TASK OBJECTIVE => Write out again the lines from the line with "Stiamo vivendo il" up to and including the line with "High grade metal", exactly as they stand below, and skip any picture.

INFORMATION PROVIDED =>
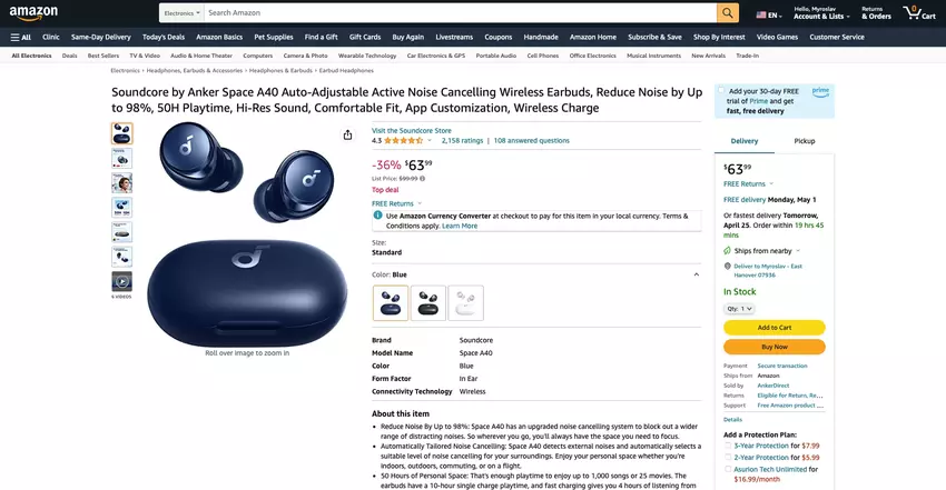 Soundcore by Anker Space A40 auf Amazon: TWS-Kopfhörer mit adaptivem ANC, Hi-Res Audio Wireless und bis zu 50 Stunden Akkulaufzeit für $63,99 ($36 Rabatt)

...

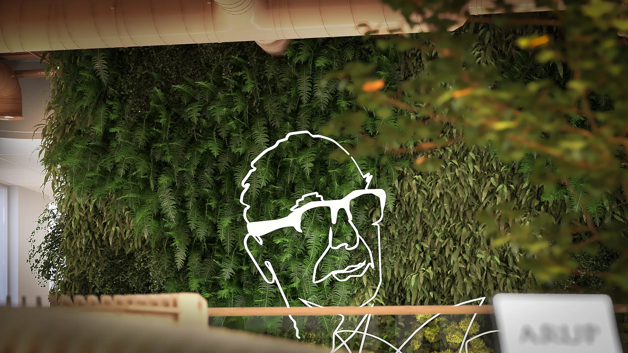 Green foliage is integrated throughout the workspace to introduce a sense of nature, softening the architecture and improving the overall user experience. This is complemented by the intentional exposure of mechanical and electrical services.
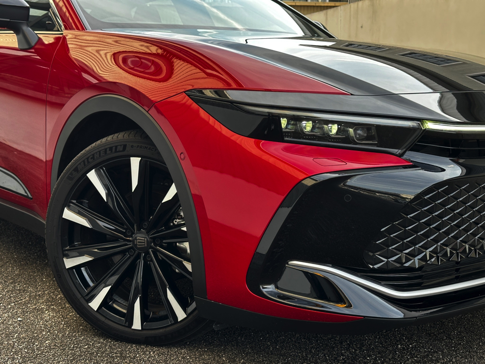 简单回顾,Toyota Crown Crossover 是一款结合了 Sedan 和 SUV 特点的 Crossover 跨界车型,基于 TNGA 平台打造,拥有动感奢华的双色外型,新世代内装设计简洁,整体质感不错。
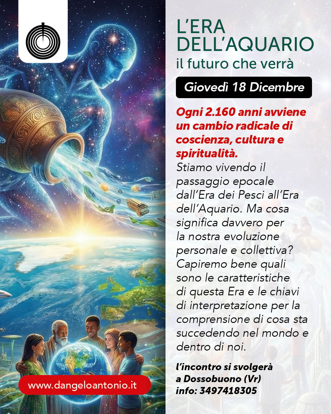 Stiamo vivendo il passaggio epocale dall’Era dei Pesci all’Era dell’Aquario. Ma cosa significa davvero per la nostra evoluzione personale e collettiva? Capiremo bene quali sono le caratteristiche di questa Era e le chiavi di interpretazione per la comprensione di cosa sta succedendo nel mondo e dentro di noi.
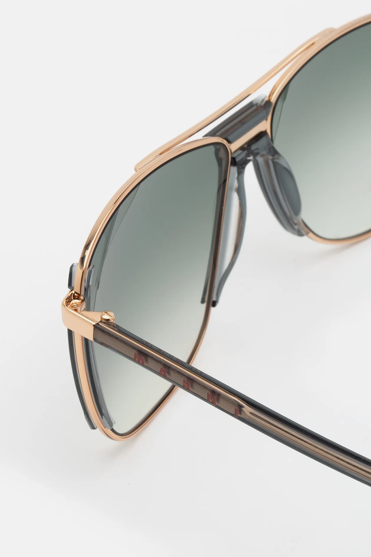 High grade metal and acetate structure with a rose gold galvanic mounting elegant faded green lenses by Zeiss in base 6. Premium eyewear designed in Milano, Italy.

--

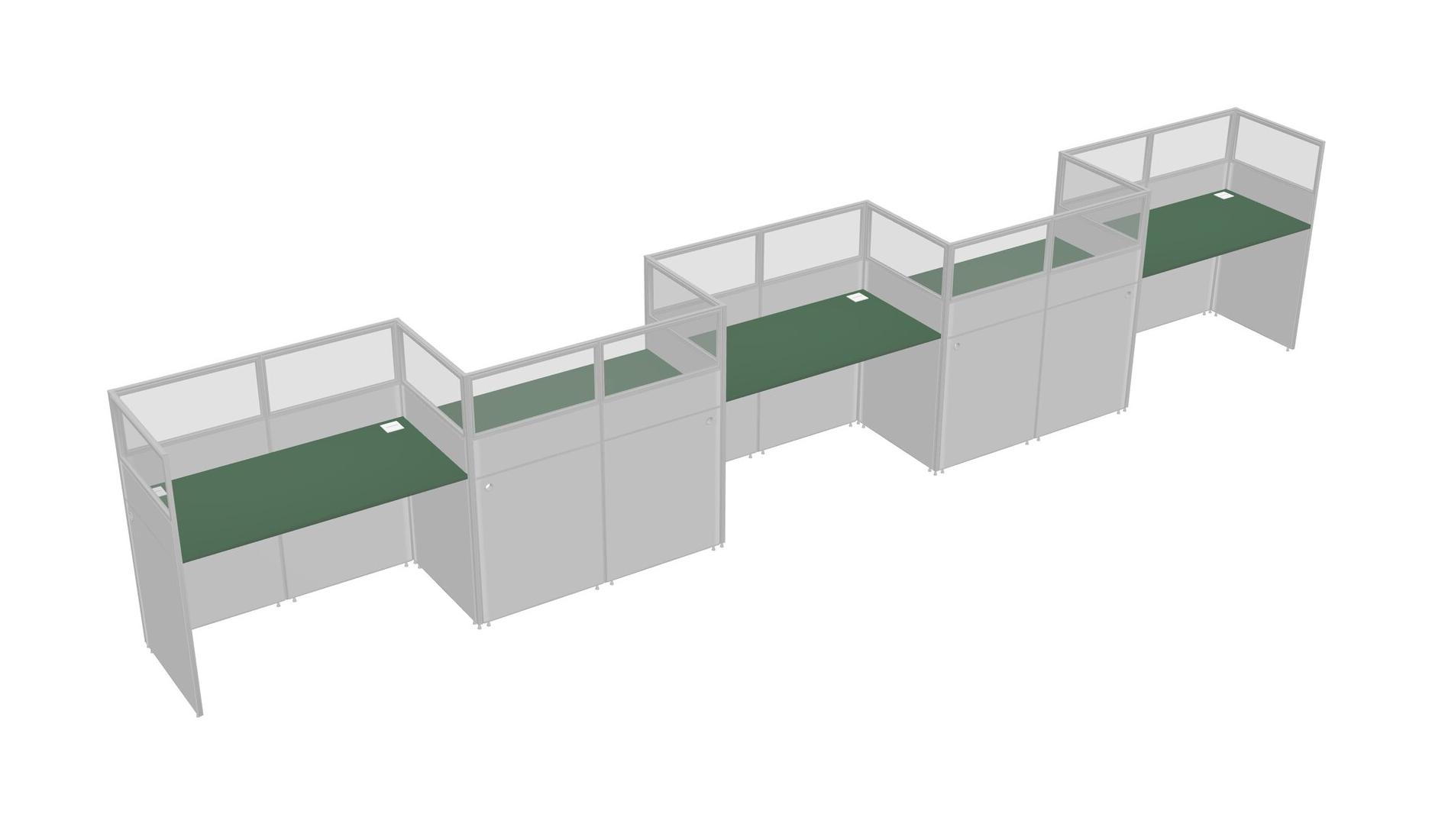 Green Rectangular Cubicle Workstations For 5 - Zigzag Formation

EXERCISE SOLUTION =>
 Stiamo vivendo il passaggio epocale dall’Era dei Pesci all’Era dell’Aquario. Ma cosa significa davvero per la nostra evoluzione personale e collettiva? Capiremo bene quali sono le caratteristiche di questa Era e le chiavi di interpretazione per la comprensione di cosa sta succedendo nel mondo e dentro di noi.
 High grade metal and acetate structure with a rose gold galvanic mounting elegant faded green lenses by Zeiss in base 6. Premium eyewear designed in Milano, Italy.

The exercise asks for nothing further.